Ruggiero Giovannelli - Music and Influence

Music and Influence

Giovanelli composed and published a large number secular pieces. He is noted for his church music, most of which also survives in manuscript. As could be expected for a composer of the Roman School, his sacred music was conservative, and mostly in the Palestrina style for the first part of his career; however, after 1600 he experimented with some of the stylistic innovations which defined the beginning of the Baroque era, such as the concertato principle and the basso continuo. His output of sacred music fell off dramatically late in his life, and at least one scholar has suggested that this was because he was uncomfortable with the new style. In 1615 he created a new edition of the Gradule known as the Medicean, published by the Medici press. (The Encyclopedia Americana may contradict this, writing that a Editio Medicæa of the Graduale of 1614 was created by Felice Anerio.)
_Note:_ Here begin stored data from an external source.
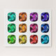 Pierres à coussin dans toutes les couleurs Puzzle gemologique - bleu, bleu ciel, violet, orange, rouge, jaune vert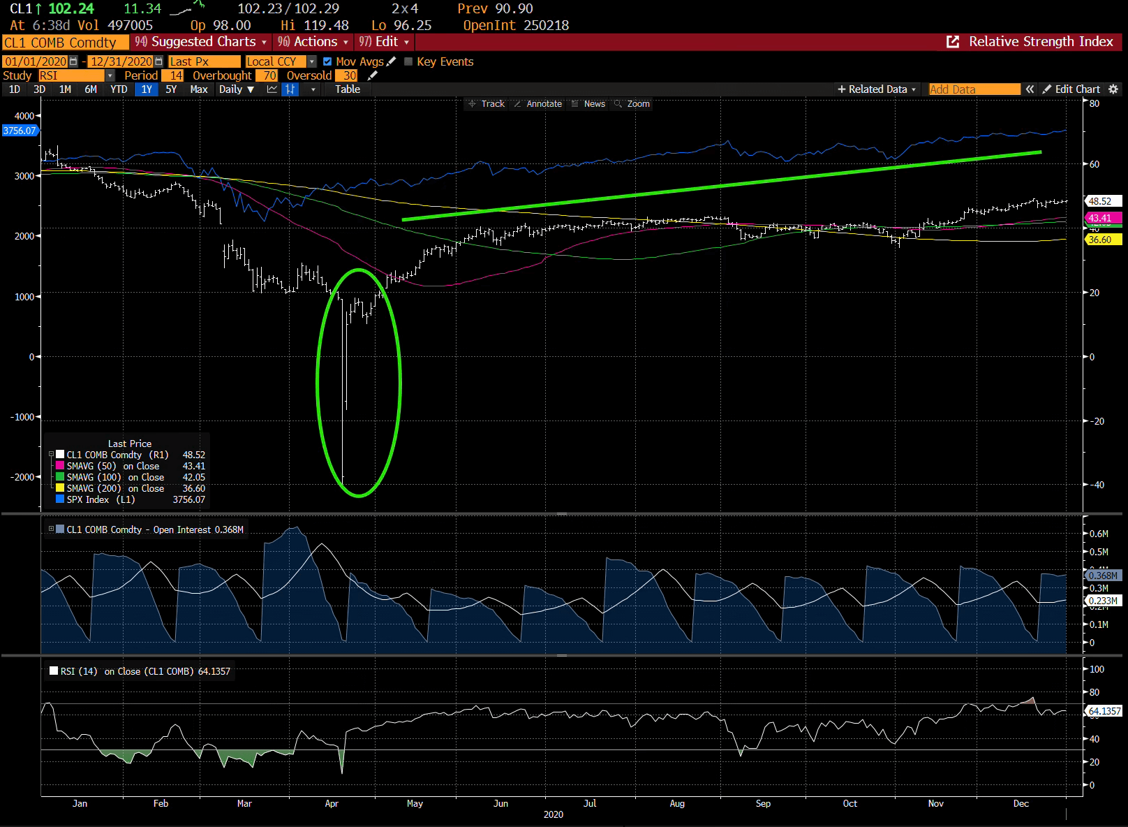 Oil had been going down with risk assets heading into the COVID collapse. Crude oil futures were then hit with some technical factors that drove the price below $0.
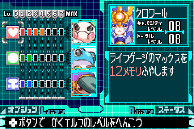 เราสามารถอัปเลเวลเอลฟ์ได้โดยใช้ E-Crystal เพื่อปลดล็อกขีดจำกัดความสามารถ

He wrote masses and motets, some of which are for as many as 12 voices, and which often use polychoral techniques.

For a Roman School composer and a priest he wrote a surprising amount of secular music, mostly madrigals and canzonettas, some of which are in a light-hearted style influenced by northern Italian models, or by Luca Marenzio, who had spent time in Rome. He wrote three books of madrigals for five voices and two books for four voices, as well as a large quantity of other secular songs which were not collected in publications; most have been dated to the 1580s and 1590s.

Giovannelli's music was reprinted widely, in Italy and elsewhere, indicating his broad popularity.